At the receiving end, we re-correlate the signal energy and recover the original data stream, but to do this we need to the frequency hopping or digital ‘chip’ pattern used in creating the original signal. These patterns are typically created using a simple non-secure method like a LFSR, but if we substitute a cryptographically secure psudo random source (CSPRG) instead, then it will be very difficult to even detect the signal without the correct cryptographic ‘key’.

This is because by exploiting the high ‘processing gain’ possible in spread spectrum modulation we can actually send signals at levels well BELOW the background thermal noise floor.

Spread spectrum won’t let you violate Shannon’s channel capacity, so you need the same total transmitted power to overcome a given amount of background Gaussian noise for a given bit rate, but it will let you spread that transmitted power over a large bandwidth to hide it under the existing background noise – and Shannon does let you trade off a lower bitrate for lower power (or longer transmission distances at the same power), so if we limit the bandwidth to a few kilobits per second, the standard WiFi power levels of a few hundred milliwatts could drive a signal a mile or more.

To help facilitate this type of attack, the fine folks at Microsoft have added nifty “virtual WiFi” network hooks to allow your WiFi chip to spawn secondary devices.

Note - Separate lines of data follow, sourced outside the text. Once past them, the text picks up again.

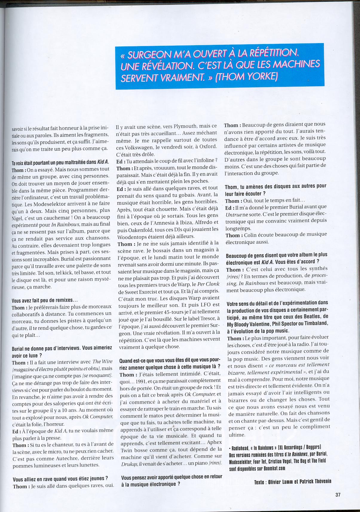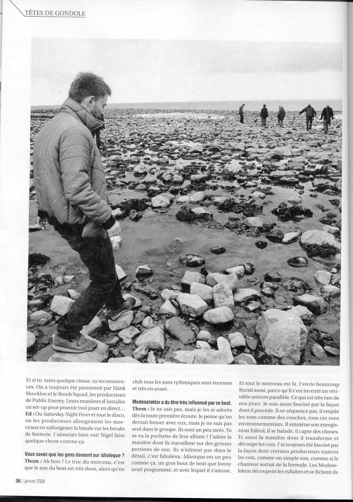 Thom : I don’t know, but I’ve always loved them, from the very first listen. I think we should work with them but I’m not alone in the band. They’re a bit crazy. Did you see the jacket of their last album ? I love the way they work on big portion of sound, they edit roughly, it’s amazing. Idioteque is a bit like that, a large piece of beat that Jonny programmed and with which he played. And everything in the track is there. I also envy Burial a lot, because he’s made himself his own universe. Which is very rare nowadays. I’m fascinated by the way he proceeds. He doesn’t sequence, he piles up sounds like layers, environmental sounds. He takes his recorder Edirol, he goes for a walk, he captures things. And the way he transforms and cut up voices. I’ve always been fascinated by the way some producers process voices, like a mere sound as if the singer was not part of it. Modeselektor cut up syllabes and don’t care for how the outcome does justice to the initial take or the lyrics. They love fragments, sounds they produce, and that’s all. I wish I would be treated more like that.
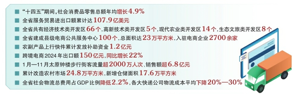 “‘十四五’期間,省商務(wù)廳充分發(fā)揮區(qū)位、資源與產(chǎn)業(yè)優(yōu)勢,出臺對外開放‘1+N’政策體系,發(fā)展外貿(mào)新業(yè)態(tài)新模式,穩(wěn)住了外貿(mào)基本盤。”省商務(wù)廳副廳長李國榮介紹說,包括外向型經(jīng)濟(jì)指標(biāo)穩(wěn)中有進(jìn),全省實際使用外資累計36.8億美元,全省非金融類對外直接投資額累計12.5億美元;開放平臺能級不斷提升,支持武宿綜保區(qū)加快“五大中心”建設(shè),支持山西方略、大同國際陸港、山西蘭花3個保稅物流中心拓展保稅物流、倉儲等功能;開放通道建設(shè)穩(wěn)步推進(jìn),大同、運(yùn)城航空口岸與太原航空口岸共同構(gòu)成“南北一線”的口岸布局。中歐班列提質(zhì)增效,累計開行1048列。出臺鐵海聯(lián)運(yùn)支持政策,形成中鼎物流園—天津港、中鼎物流園—青島港兩條圖定班列。太原國際郵件互換局?jǐn)U容升級項目投入運(yùn)營;開放環(huán)境持續(xù)優(yōu)化,全面推廣山西國際貿(mào)易“單一窗口”平臺應(yīng)用,太原航空口岸列入國家240小時過境免簽政策適用口岸范圍,加大進(jìn)出口信貸等金融支持力度,推動貿(mào)易外匯收支便利化政策擴(kuò)面提質(zhì)。
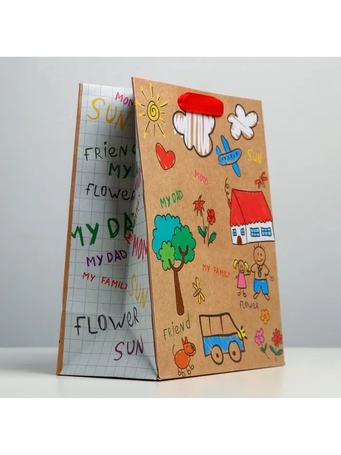 Пакет подарочный крафтовый, упаковка, «My family», MS 18 х 23 х 10 см
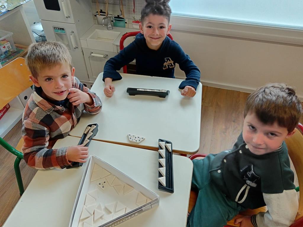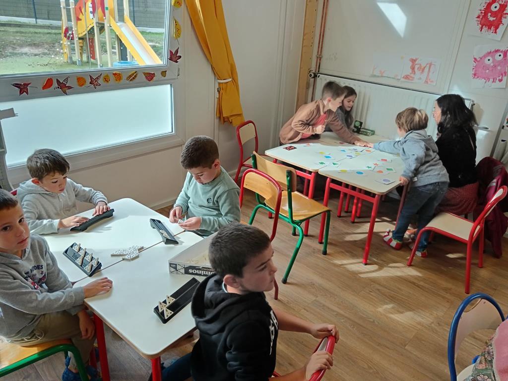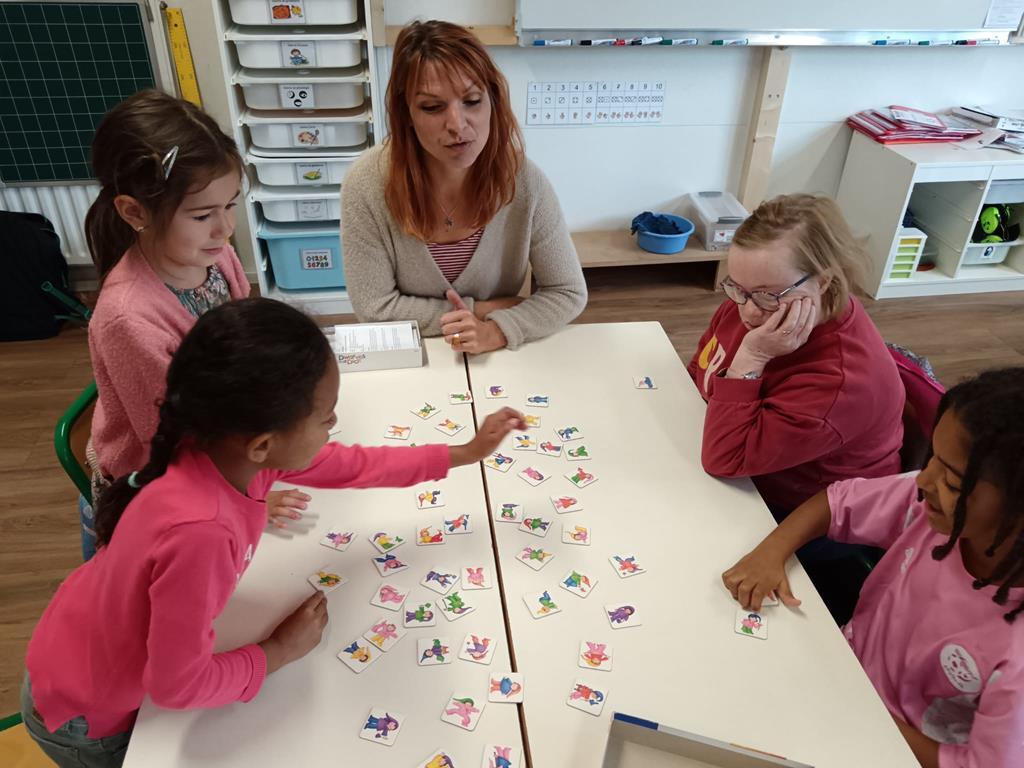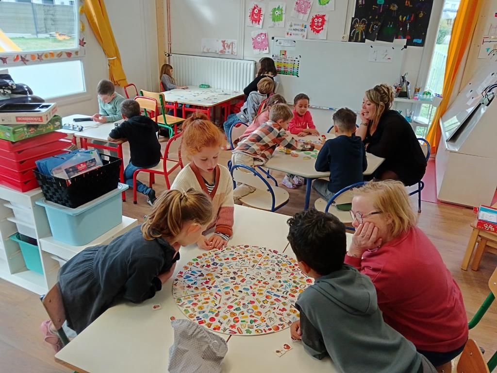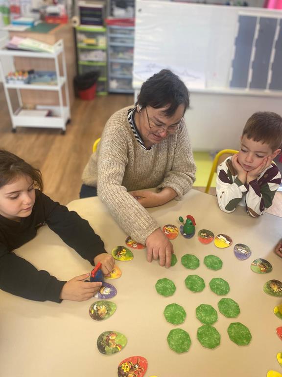 Les classes de GS et CP du site Sainte Anne renouvellent cette année leur partenariat avec le SAESAT d’Ancenis St Géréon ( le foyer de vie pour adultes handicapés). Lors d’une après-midi, 9 résidents et leurs accompagnateurs sont venus dans les classes pour faire des ateliers créatifs autour de feuilles d’automne. Ils ont également joué à des jeux de société et partager la récréation. Des parents sont venus aider, merci à eux. Ce moment de partage est une vraie rencontre de “l’Autre”. Au mois de décembre, les élèves rendront visite aux résidents pour des ateliers autour de Noël.

The legitimate motivation for such a capability is to let your computer spawn legitimate WiFi Hotspot hubs like some cell phones – but Microsoft doesn’t seem to be doing much to advertise this support, so who do you suppose was pushing for it???

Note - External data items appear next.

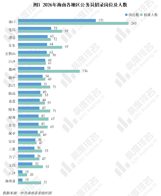 省直机关共设置48个岗位,计划招录59人。从各地市招录规模来看,海口市作为省会,计划招录243人,规模居全省首位;儋州市虽计划岗位数为58个,但招录人数达到136人,在招录人数上位列全省第二,大多岗位存在一岗多招的情况。
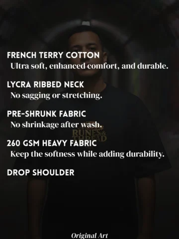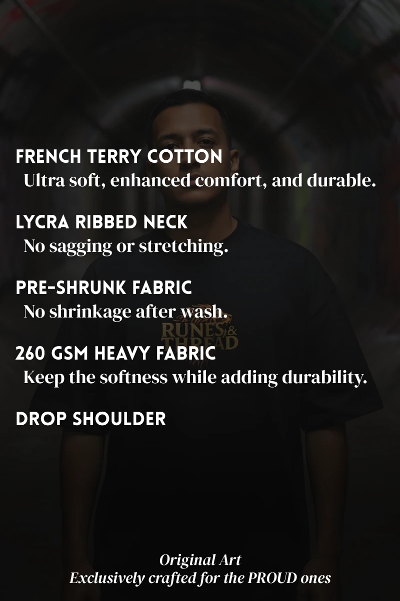 Built to match that presence in an oversized 260 GSM French terry cotton tee , it drapes with authority, feels soft inside, and keeps its shape all day.
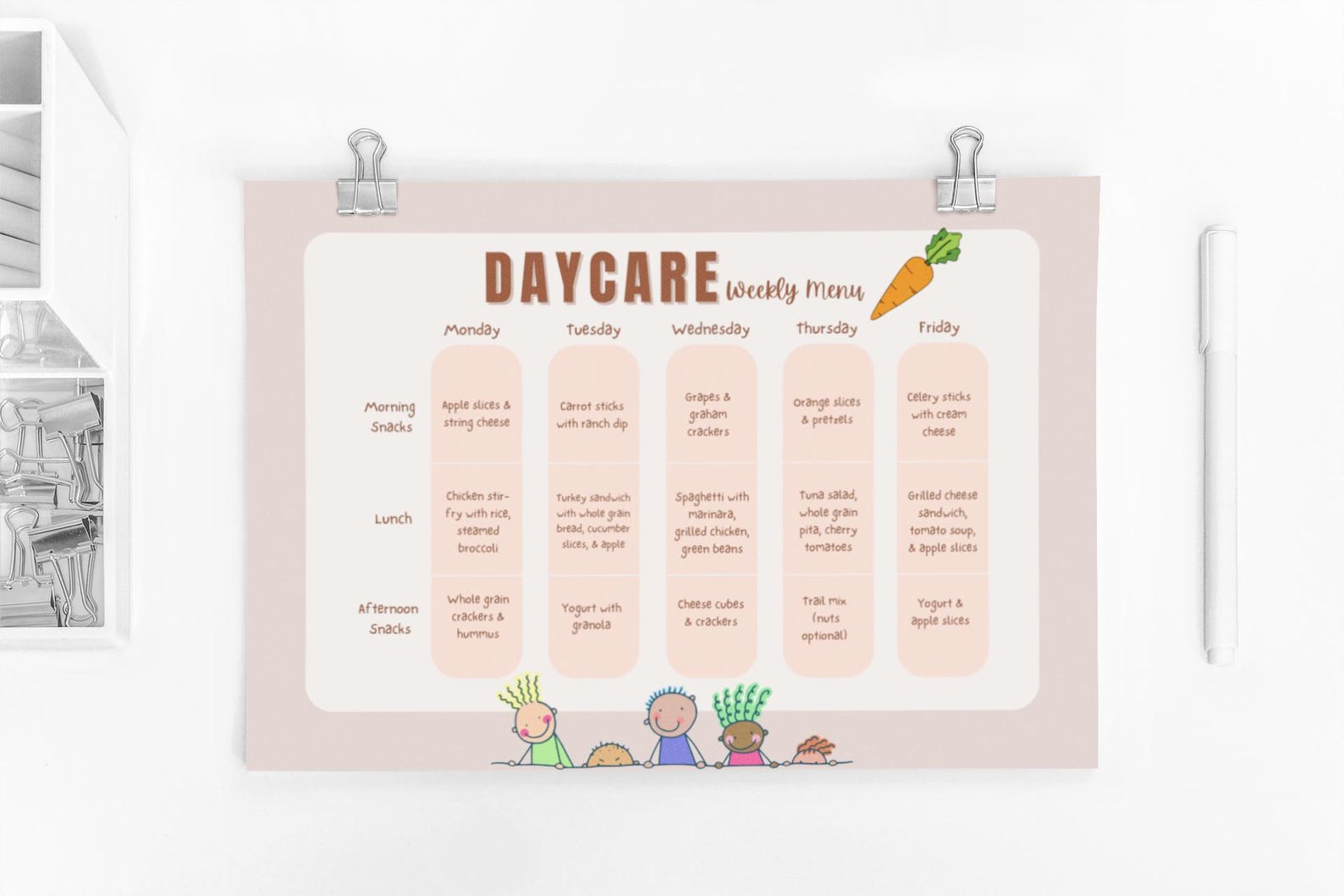 Daycare menu template printable editable weekly menu for daycare

Of course, for all this to work, the transmitting and receiving points would have to be compromised with the same malware so that they would both be using the same secret modulation scheme, but given the sophistication of some of the attacks that have already been exposed, it’s not to hard to imagine that overlaid with virtually every home and business WiFi there is a hidden NSA.NET hotspot.